3. Não será difícil encontrar na obra de Eça de Queirós muitos dos temas em contra-corrente com a agenda da contemporaneidade. Rever e, sobretudo, reler essas obras à luz de novas molduras teóricas é seguramente uma prova de vitalidade e de resistência da escrita ao tempo e do seu poder de interpelar o leitor. Racismo, orientação sexual, misoginia, violência doméstica, tudo isso está lá, como estão a visão crítica e o desafio a tabus como o incesto, o celibato dos padres, a vacuidade intelectual da elite dirigente. 
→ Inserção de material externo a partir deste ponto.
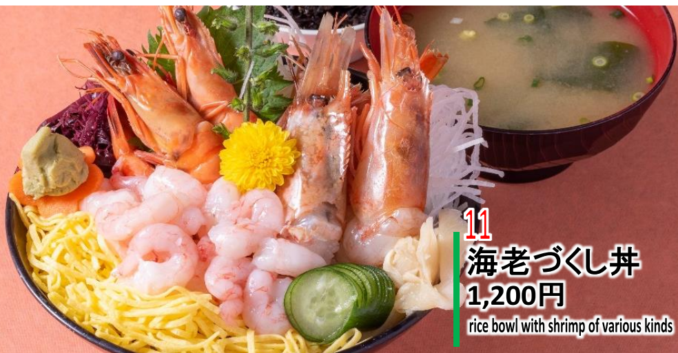
11 海老づくし丼 1,200円 rice bowl with shrimp of various kinds
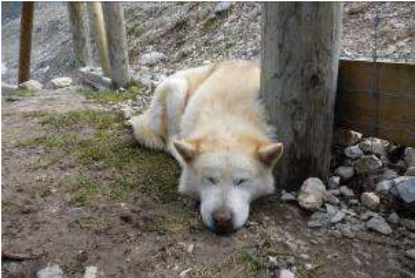
Chien du Groenland

Visite du Parc Polaire à Chaux Neuve. Il est situé à 1200 M dans une ancienne ferme d'alpage.
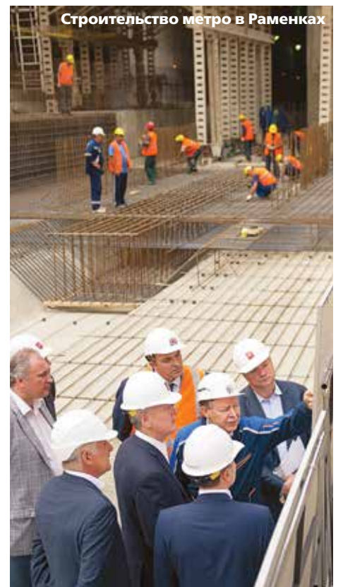
Сергею Собянину удалось запустить и начать реализовывать новые программы развития практически по всем направлениям городской политики

Москва — это не только 90 млн кв. м дорог, 23 тыс. дворов и 30 тыс. домов, но и 12
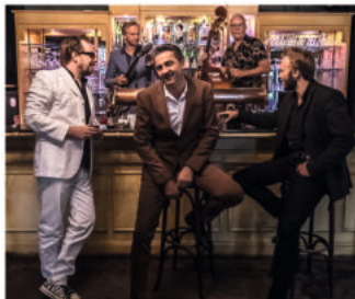
B.B. & The Blues Shacks

Freitag, 17. November, 20 Uhr Konzert mit B.B. & The Blues Shacks
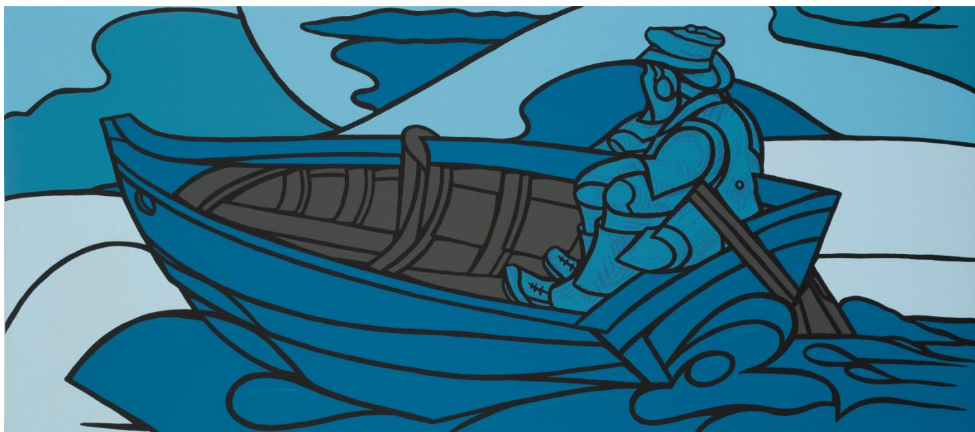
Studio per Il ponte, 2012. Acrylique sur toile, 65 x 147 cm

Commissaire de l'exposition Javier MOLINS
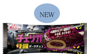
チェリオ 覚醒ダークチョコ 希望小売価格:130円(税別) 内容量:85ml
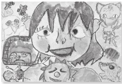
28年度教育長賞受賞作品
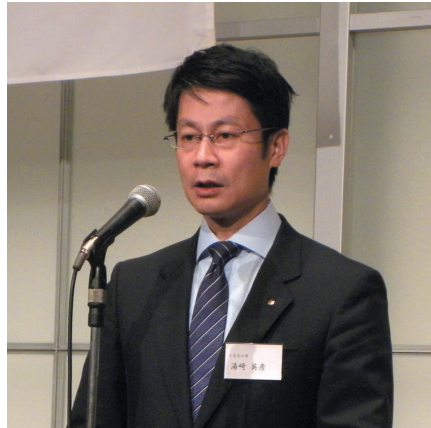
湯崎英彦広島県知事
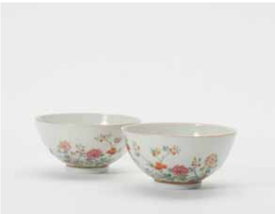
90 Een paar 'famille-rose' kommen
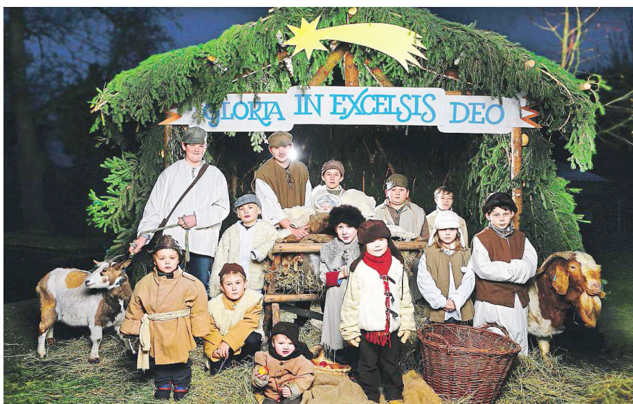
● Focení pro MF DNES odmítl pouze jeden malý „ubřečený“ Ježíšek...
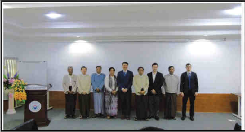
မြန်မာနိုင်ငံအမျိုးသားလူ့အခွင့်အရေးကော်မရှင်နှင့် ကုလသမဂ္ဂဖွံ့ဖြိုးမှုအစီအစဉ် (UNDP) မှ ကိုယ်စားလှယ်အဖွဲ့တို့ တွေ့ဆုံဆွေးနွေးခြင်း (၁၀-၃-၂၀၂၁)
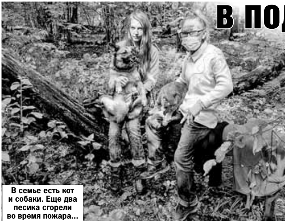
В семье есть кот и собаки. Еще два песика сгорели во время пожара...

От Белорусского вокзала до поселка Дубки 40 минут на электричке. По обе стороны от станции добротные особняки доминируют над облупившимися советскими дачами. Поселок граничит с Можайским шоссе, перебежав через кото-
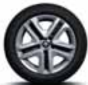
Čelični naplatci 16" Flexwheel s ukrasnim pokrovima Complea
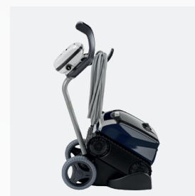
Carro de transporte
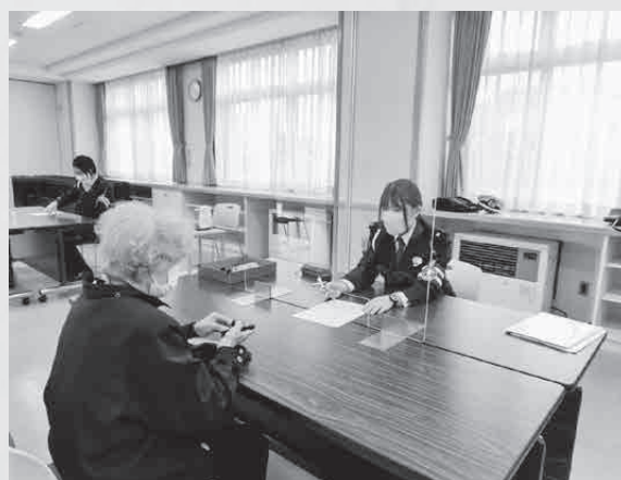
▲10月13日（木）音別町コミュニティセンター内

ご自身やご家族の方の運転免許証返納の相談については、年中受け付けており、「運転に自信がなくなった」「家族から心配と言われた」など、運転に不安のある方は、重大な事故を起こしてしまう前に、音別駐在所までご連絡ください。
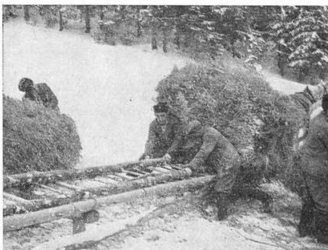
Obr. 18. Nakladanie plných ražňov na vláky.
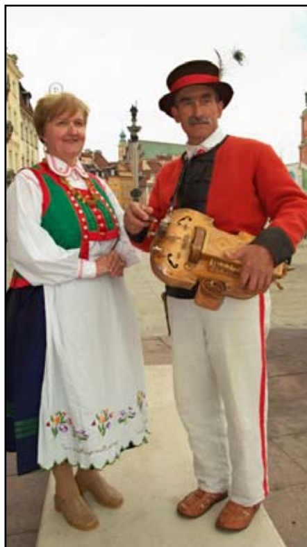
Wystawa „Kurpie Poland” w Spichlerzu do 20 lutego
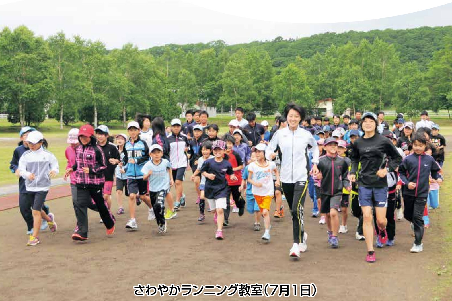
さわやかランニング教室(7月1日)
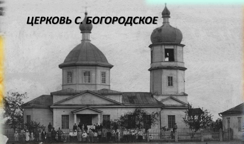
ЦЕРКОВЬ С. БОГОРОДСКОЕ
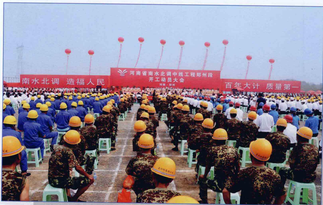
■ 2009年7月，南水北调中线一期工程郑州段工程开工建设。
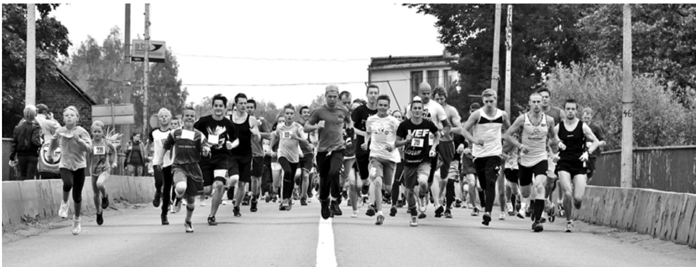
Skrīet pāri Salacas tiltam pa braucamo daļu var tikai vienreiz gadā - Trīs tiltu skrējiena laikā

21. septembris bija tradicionālā Trīs tiltu skrējiena diena, kad 6,5 km garajā trasē devās lieli un mazi – 56 meitenes, jauniešas, sievietes un 80 zēnu, jauniešu, vīriešu. Tikuši pāri Salacas tiltam, skrējiena dalībnieki pa Krasta ielu devās Jaunupes virzienā, lai vispirms šķērsotu tiltu pār Jaunupi un tad Annasmuižas tiltu. Gar upi skrienot, lēnāk vai ātrāk viņi tuvojās finišam – Salacgrīvas pilskalnā, siltai tē-
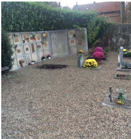
Avant les travaux
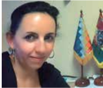
Maya Nemtala, Vicecónsul de Bolivia en Palma de Mallorca

Mallorca está compuesto por compatriotas de distintas regiones del país quienes representan la diversidad cultural de Bolivia y a través de fraternidades de
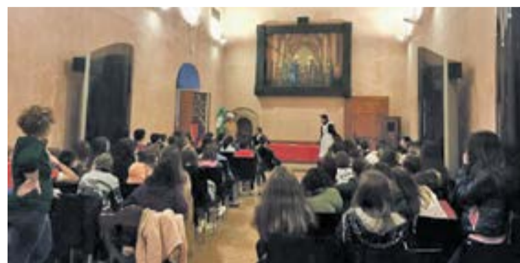
Representación teatral en la Sede Comarcal.
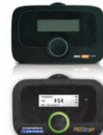
De OBU PAS Sango van Axxès en de DKV Box Europe zijn het laatste apparaat, maar de leveranciers onderscheiden zich van elkaar op het gebied van service.
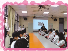
視訊辦理朝會活動
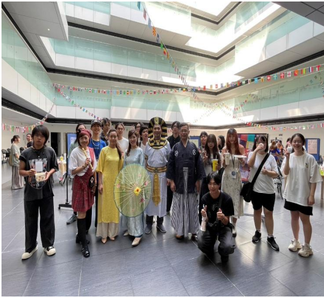
異國服飾展現團照
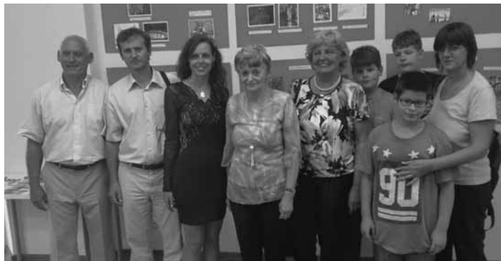
Otvorenie výstavy Svetové dedičstvo očami detí 2016 v Budapešti

Em declarações à agência Lusa, o vice-presidente da Associação dos Professores de Português, Luís Filipe Redes, disse não ser precisa “uma análise muito profunda para compreender os preconceitos raciais presentes em Os Maias e em outros textos de Eça”. Mas a análise que tem de ser feita (e é bom que seja feita) deve pautar-se pela seriedade e pelo rigor, evitando incorrer em dogmatismos ideológicos e apriorísticos estereotipados, pelo conhecimento efectivo da obra, dos modos de funcionamento e das estratégias discursivas do texto narrativo, bem como do contexto histórico e cultural que coube ao cidadão e autor viver e não pode ser rasurado. A história não pode ser apagada sem comprometer o futuro que queremos construir.

A investigadora afirma ser necessário ler o autor com “lentes actuais” e isso é não apenas positivo como também o resumo de tudo o que muitos têm tentado fazer nos últimos anos. A Cidade e as Serras é um bom exemplo de revisão crítica a que têm sido sujeitos muitos dos textos de Eça. Todavia, é igualmente preciso que as “lentes actuais” não desfoquem o que foi o contexto da época. Que tenham suficiente amplitude e distância para permitir ver, para lá do cego deslumbramento de quem julga olhar pela primeira vez o mundo acabado de criar, um outro tempo, outras vozes, outros modos de pensar, outras concepções da história e do romance, com a humildade sábia de quem, hoje como ontem, não será nunca detentor da verdade. Também aqui o distanciamento pode ser aconselhável.

4. Um comentário final para o modo como os media dão palco a tudo o que seja um tema fracturante ou de moda. Nada contra, até porque considero a discussão importante e legítima. A não ser quando trabalhos de mérito reconhecido no campo dos estudos queirosianos, construídos ao longo de uma vida de trabalho, como os dos professores Carlos Reis ou Isabel Pires de Lima, mas também de Orlando Grossegesse ou Irene Fialho, entre muitos outros em várias partes do mundo, ficam no limbo, raramente merecendo uma linha de atenção. Veja-se a última lição de Carlos Reis. É este silêncio que me parece lamentável.